- Published on
Voice AI Backend — Speech-to-Text, NLU, and Response Generation
- Authors

- Name
- Sanjeev Sharma
- @webcoderspeed1
Introduction
Voice interfaces unlock hands-free interaction, accessibility, and natural communication. Building production voice AI requires handling real-time transcription, processing spoken language nuances (incomplete sentences, filler words, casual grammar), and generating natural responses.
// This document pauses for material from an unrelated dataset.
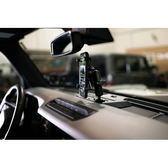 The DV8 Offroad Ford Bronco Digital Device Dash Mount delivers a sturdy, low-profile platform to keep your essential tech organized and within sight on every trail. Built from steel and finished in a micro-texture black powder coat, this panel resists vibration and wear while blending seamlessly with the Bronco interior. The mount uses the AMPS 1.9-inch hole pattern with eight PEM-nut locations, making it simple to attach popular bases from RAM, Bulletpoint, and Quad Lock. Horizontal slots accommodate additional accessories using 1/4-inch carriage bolts, so you can tailor the setup for phones, GPS units, radios, or tablets. Installation is quick and straightforward with a direct bolt-on design, and you’ll retain full functionality of the factory dash USB port. Choose this robust, modular mounting solution to keep your cockpit clean, secure, and adventure-ready.

This guide covers the full voice stack: transcription, NLU, response generation, and optimization for ultra-low latency.
- Whisper for Transcription
- Streaming Transcription with WebSockets
- Speaker Diarization
- Punctuation Restoration
- Intent Extraction from Transcription
- Voice-Specific Prompt Design
- Text-to-Speech for Responses
- Latency Optimization for Voice
- Telephony Integration
- Checklist
- Conclusion
Whisper for Transcription
Use OpenAI''s Whisper for accurate speech-to-text:
type AudioFormat = 'mp3' | 'wav' | 'aac' | 'flac';
type TranscriptionMode = 'real-time' | 'batch' | 'streaming';
interface TranscriptionResult {
text: string;
confidence: number;
duration: number; // seconds
language: string;
segments?: Array<{ start: number; end: number; text: string }>;
}
async function transcribeAudio(
audioData: Buffer | ReadableStream<Buffer>,
format: AudioFormat,
mode: TranscriptionMode = 'batch'
): Promise<TranscriptionResult> {
if (mode === 'real-time' || mode === 'streaming') {
return transcribeStreaming(audioData as ReadableStream<Buffer>, format);
}
// Batch mode
return transcribeBatch(audioData as Buffer, format);
}
async function transcribeBatch(
audioBuffer: Buffer,
format: AudioFormat
): Promise<TranscriptionResult> {
const response = await openai.audio.transcriptions.create({
file: new File([audioBuffer], `audio.${format}`),
model: 'whisper-1',
language: 'en',
response_format: 'verbose_json'
});
return {
text: response.text,
confidence: response.words ? calculateConfidence(response.words) : 0.95,
duration: response.duration || 0,
language: 'en',
segments: response.segments
};
}
function calculateConfidence(words: any[]): number {
if (words.length === 0) return 0;
const avg = words.reduce((sum, w) => sum + (w.confidence || 1), 0) / words.length;
return avg;
}
Streaming Transcription with WebSockets
Enable real-time voice input:
interface StreamingTranscriptionSession {
sessionId: string;
startTime: Date;
interimTranscript: string;
finalTranscript: string;
confidence: number;
}
async function transcribeStreaming(
audioStream: ReadableStream<Buffer>,
format: AudioFormat
): Promise<TranscriptionResult> {
const chunks: Buffer[] = [];
let interimText = '';
return new Promise((resolve, reject) => {
audioStream.on('data', async (chunk: Buffer) => {
chunks.push(chunk);
// Process every 1 second of audio (~32KB at 16kHz)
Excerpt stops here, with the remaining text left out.